De quoi parle-t-on ?

Silvain J, Cayla G, et al.; ABYSS Investigators of the ACTION Study Group. Beta-Blocker Interruption or Continuation after Myocardial Infarction. N Engl J Med. 2024;391(14):1277-1286. doi: https://doi.org/10.1056/NEJMoa2404204 

Pourquoi a-t-on choisi cet article ?

L’étude ABYSS est un essai clinique visant à évaluer la non-infériorité de l’arrêt des bétabloquants par rapport à leur poursuite chez des patients ayant présenté un infarctus du myocarde il y a plus de six mois et sans insuffisance cardiaque chronique. Dans ce blog, nous analyserons en détail le choix du seuil de non-infériorité, et utiliserons cet exemple pour illustrer l’importance du mode d’expression du seuil de non-infériorité, selon qu’il soit exprimé en termes absolus ou relatifs.

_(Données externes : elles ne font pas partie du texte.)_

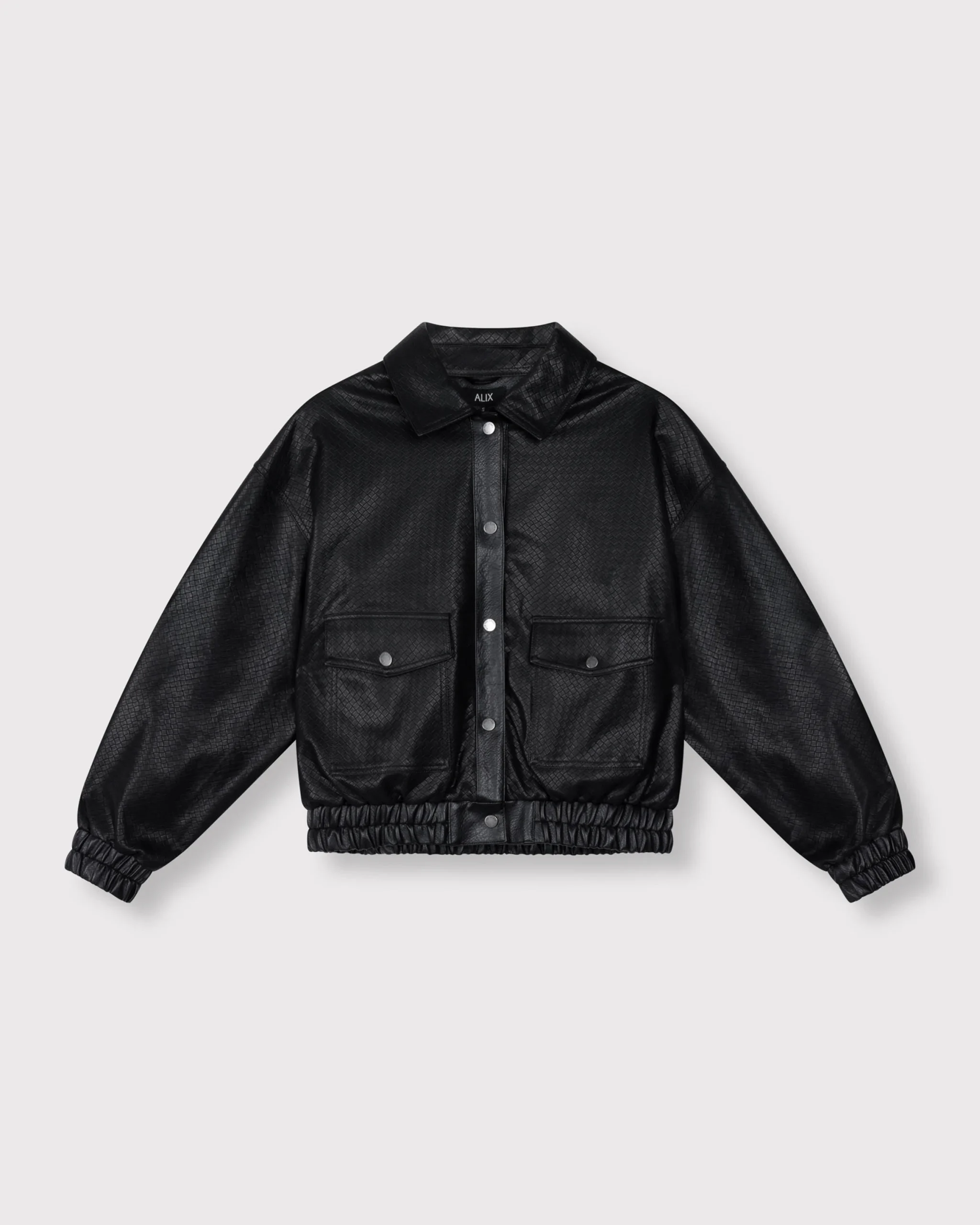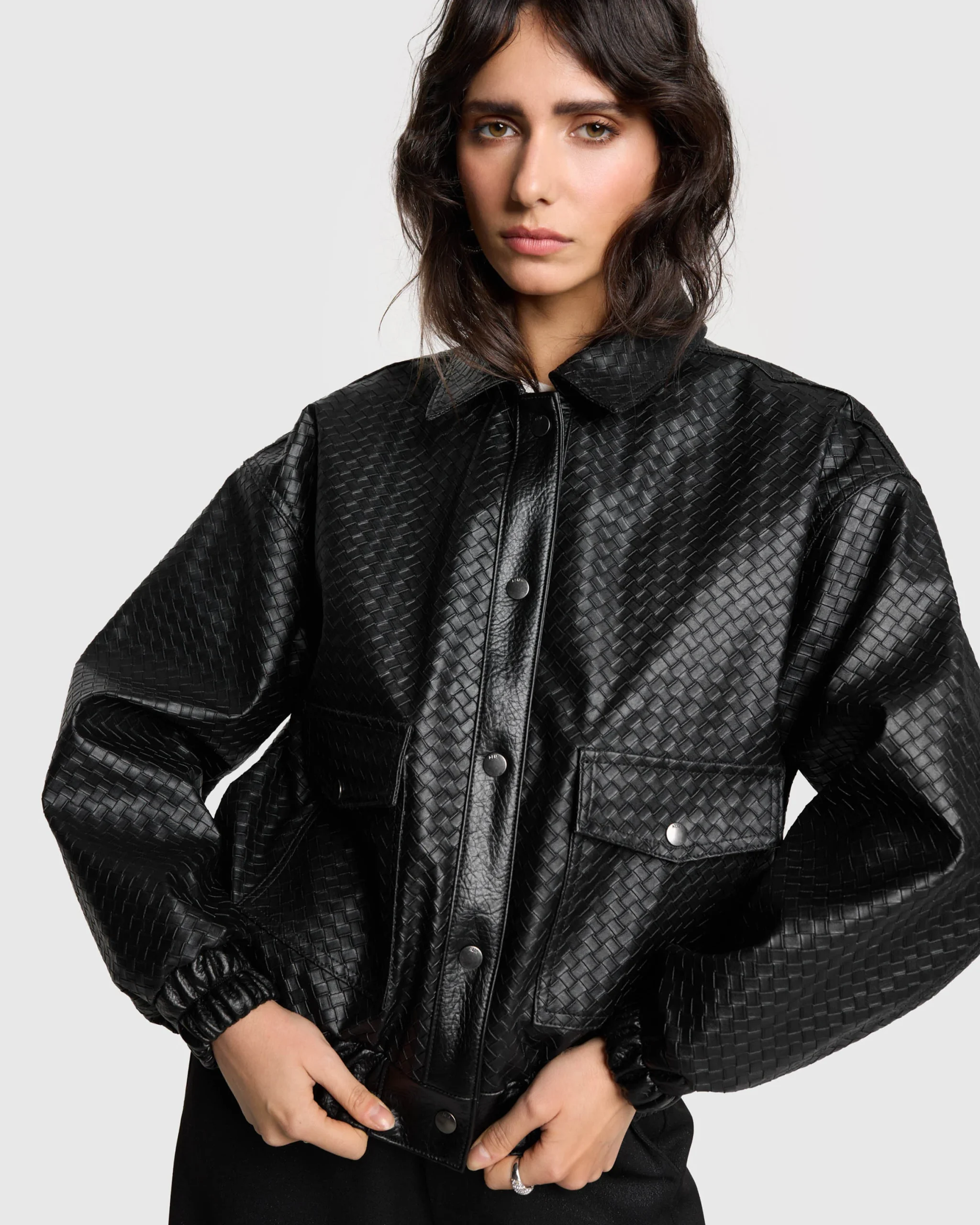 De Woven Braided Faux Leren Jas, Black is de ultieme statement piece in je garderobe. Deze unieke jas combineert de luxe uitstraling van leder met moderne, rebelse vibes, passend bij de stoere identiteit van Alix the Label.

Ce qu’en pense la SFPT : principaux messages de l’article

Le choix du seuil de non-infériorité est un élément clé du design des essais de non-infériorité. S’il est généralement bien connu que l’amplitude maximale de l’effet que l’on consent à perdre relève avant tout d’une décision clinique, les conséquences liées à son mode d’expression – en rapport de risques ou en différence de risques absolue – sont peut-être moins connues. Pourtant, le choix d’exprimer le seuil de non-infériorité en termes relatifs ou absolus peut avoir un impact important dans les cas où la proportion d’événements attendue dans le bras contrôle est différente de celle réellement observée dans l’essai. En effet, lorsque la proportion d’événements dans le bras contrôle a été :

  • sous-estimée (fréquence dans le bras contrôle supérieure à ce qui était attendu), l’expression du seuil de non-infériorité en différence de risques est plus conservatrice;
  • surestimée (fréquence dans le bras contrôle inférieure à ce qui était attendu), l’expression du seuil de non-infériorité en risque relatif est donc plus conservatrice.
 

Sous-estimation

Surestimation

Proportion d’évènements attendus dans le bras contrôle

20 %

20 %

Seuil de non-infériorité absolu

+5 % en absolu soit 25 %

+5 % en absolu soit 25 %

Seuil de non-infériorité relatif

+25 % en relatif soit 25 %

+25 % en relatif soit 25 %

Proportion d’évènements observés dans le bras contrôle

40 %

10 %

Seuil de non-infériorité absolu

+5 % en absolu soit 45 %

+5 % en absolu soit 15 %

Seuil de non-infériorité relatif

+25 % en relatif soit 50 %

+25 % en relatif soit 12,5%

Pour approfondir

  1. PICOS de l’essai ABYSS

Patients

Patients ayant présenté un infarctus du myocarde il y a plus de six mois et sans insuffisance cardiaque chronique

Intervention

Arrêt des bétabloquants

Control

Poursuite des bétabloquants

Outcome

Critère composite comprenant

(i)              le décès,

(ii)            l’infarctus du myocarde non fatal,

(iii)          l’accident vasculaire cérébral non fatal ou

(iv)           l’hospitalisation pour des raisons cardiovasculaires

Study design

Essai clinique contrôlé, randomisé (ratio 1:1), multicentrique, de non-infériorité, en ouvert

  1. Comment définir la marge de non-infériorité?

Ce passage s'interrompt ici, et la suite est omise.